With the same holdings as everything else.

As for BKCG, it's pretty much the same story.

Uh, BNY, you know, elaborates a little bit on their criteria for selecting companies.

They say, okay, it's those whose revenue is likely based on our fundamental research that grow faster than US economic growth.

And they measure that by GDP for some reason. um and that have the potential for growth in long-term earnings or cash flow per share.

Basically, again, trust us, but we're going to tell you a little bit.

We're seeing again a concentrated portfolio, 25 to 35 companies.

Uh they claim that there's a low annual portfolio turnover.

I can't really find the stats for that, but I'm sure Morning Star has it.

But again, like the active share of this is not that great.

If you look at the top holdings, it is the same stuff again.

Nvidia, Amazon, Microsoft, Alphabet.

The first out of benchmark holding I see is ASML, right?

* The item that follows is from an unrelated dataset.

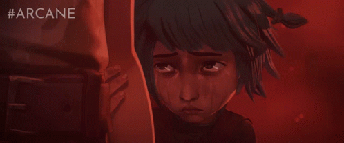 A young Jinx from Arcane is seen crying and holding onto an adult's arm in a poignant, emotional scene.

So, if I had to put it down to what exposure I'm going to want, I'm going to go with TOPT again because at least I know what how they're picking this stuff.

Yeah, they take the top 20 of the S&P 500 and go.

That's a natural momentum tilt.

However inefficient it is, you're getting that factor exposure.

But for these two, it really is just trust me, bro.

And I don't like black boxes.

I think they go against everything ETFs are.

I don't like semi-transparent ETFs. you might as well be semi-transparent if you're not going to tell us how you're managing it, you know.

And again, I don't buy the whole argument that, oh, someone's going to frontr run us.

Like, come on.

This is like nobody's heard of this ETF yet.

No one is front running you.

So, that's my take on it.

Top again for exposure. >> Shaina, you're up next.

Break it down for us.

Thank you, Tony, for the analysis. >> Um, I agree with a lot of what Tony said.

I the two funds here that are actively managed CNQ and BKCG offer absolutely no information about how they select their names.

Um and then they output looks a lot like you know the top 20 30 names in um the index with a heavy tilt towards tech.

Um look I've been in manager research for most of my career 20 years of the 25 that I've been in and in in this this business.

And um you can tell me stuff without telling me stuff.

Like when you sit down your investment committee and you screen some you have a screen and you have factors you screen for and it gives you a universe, right?

You're going to select from that universe using certain expertise, but you can at least tell me what you're screening for and these don't.

In fact, at least BKCG gave me something like some general idea.

I actually wrote down they have like a list of things that they look for industry leadership a global prominence uh strength of management strength of financials and then growth expectations based on their proprietary model of how they calculate that um for um CNQ I watched every video on that website on the website for ALGA I read through the statement of additional information I read through the I know nothing about how this the manager selects stocks I know literally nothing other than we want to be invested in the names of the future.

Like how that's defined, what they look for, how they select, how they nothing.

I got no idea how they pick their names.

And for that reason, it's really hard to like take that leap to, as Tony said, pay 55 basis points for active management when you don't have any information about how the manager is generating alpha and and no ability to actually check if what they say matches the output, right?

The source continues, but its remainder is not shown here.